Gardens of the Heart

Gardens of the HeartPoetry by chance, one line at a time – is the very apt description given to a special project involving words, cloth and thread tucked away in a gallery space in the Adelaide Hills town of Lobethal. Called ‘Gardens of the Heart’ this exhibition curated by India Flint and friends is on display at the old Woollen Mill as part of the Adelaide Fringe 2019. The last days of the exhibition are this Friday 15 March to Sunday 17 March from 11am – 4pm.  Unlike any other exhibition I’ve seen, this is a beautiful collaboration of thoughts and words from kindred spirits around the world and it’s absolutely stunning.

Poets and fabric artists from around the world have contributed to make ‘Gardens of the Heart’ a unique and moving exhibition in one of the mill buildings which is now home to Fabrik arts and heritage. The setting provides a beautiful juxtaposition of hard, solid brick industrial buildings to this soft and gentle installation.

The gallery room used for the installation has been made to feel as if you could be walking into a magical summer garden, strung with fairy lights with greenery suspended from the ceiling, in between string lines holding squares of pegged fabric. Each square has been carefully put together to create poems out of three strips of differing fabrics.

The exhibition is so richly layered and is a real credit to the curator India Flint. Each one of the 100s of participants was invited to compose and stitch either a first, middle or closing line of text to then be pieced together to create a poem. Nobody knew what anybody else had composed and each line of words had to be sewn onto a piece of fabric chosen by the participant because of its meaning to them.

The words like the fabric have been magically woven together to create poems. Written on the walls around the exhibition space are words from some of the participants on why they chose the particular piece of fabric they did.

‘From my mother’s bed linen…she passed away last year’.

‘The silk was dyed with iron my son collected for his blacksmithing, rose petals from the flowers my husband grows and eucalyptus leaves from my neighbourhood’.

‘I like to think it retains the memory of a young bride in the summer of 1958 – her hopes, dreams & happiness…that bride was my mother and I lost her to cancer in 2002. It was with some trepidation that I took a pair of scissors to that beautifully made and stored silk wedding dress’.

‘A shirt of my daughter’s, she passed away four years ago, she loved poetry’.
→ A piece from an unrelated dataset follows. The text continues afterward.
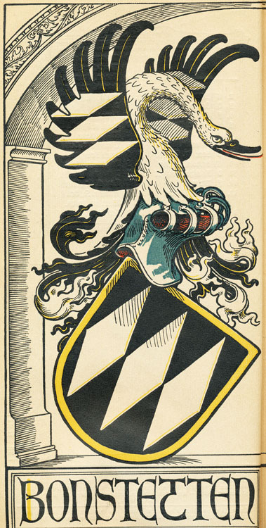 Bonstetten Innerhalb eines goldenen Fadenbordes in Schwarz drei silberne, aneinander anstoßende Rauten nebeneinander, auf dem ungekrönten Helm mit schwarz-silbernen Decken ein silberner Schwan mit erhobenen schwarzen und mit den drei Rauten belegten Flügeln wachsend. |

These words alone were so touching even before you start reading the poems. There is something very special about this installation that has drawn beautiful words and emotions from all around the world to be stitched into this gorgeous display. I couldn’t help thinking of a line from a song as I was wandering around the exhibition…’From little things, big things grow’.

If you can I would urge everyone to make the trip up to Lobethal while there is still a chance to see and experience this installation before it is over. It would be lovely to think that this could become a book of art and poetry one day so that it can be enjoyed by so many more for so much longer.

Congratulations to India Flint and the Hills Art group h.ART for sharing this wonderful idea. I’ll leave you with just one of the lines of poetry I took away with me…’Imagine a field of wild hearts’.

Glenys

5 thoughts on “Gardens of the Heart

  1. What a heartwarming and inspired project. Truly beautiful. Only wish I was up there so I could see it myself. But your post brought it alive. Thanks for sharing Glenys. 💙

    Liked by 1 person

    1. You’re welcome 😊 I think it would make a great book, especially with the stories behind the pieces of fabric and how far they’ve travelled. It’s all such a brilliant story just to make it to the exhibition stage.

      Liked by 1 person

    1. I asked that exact same thing! They are hopeful that the local council may buy the collection to have as a permanent display somewhere or maybe it could travel somewhere else? There is possibly a chance it could be photographed and turned into a book, that would be good.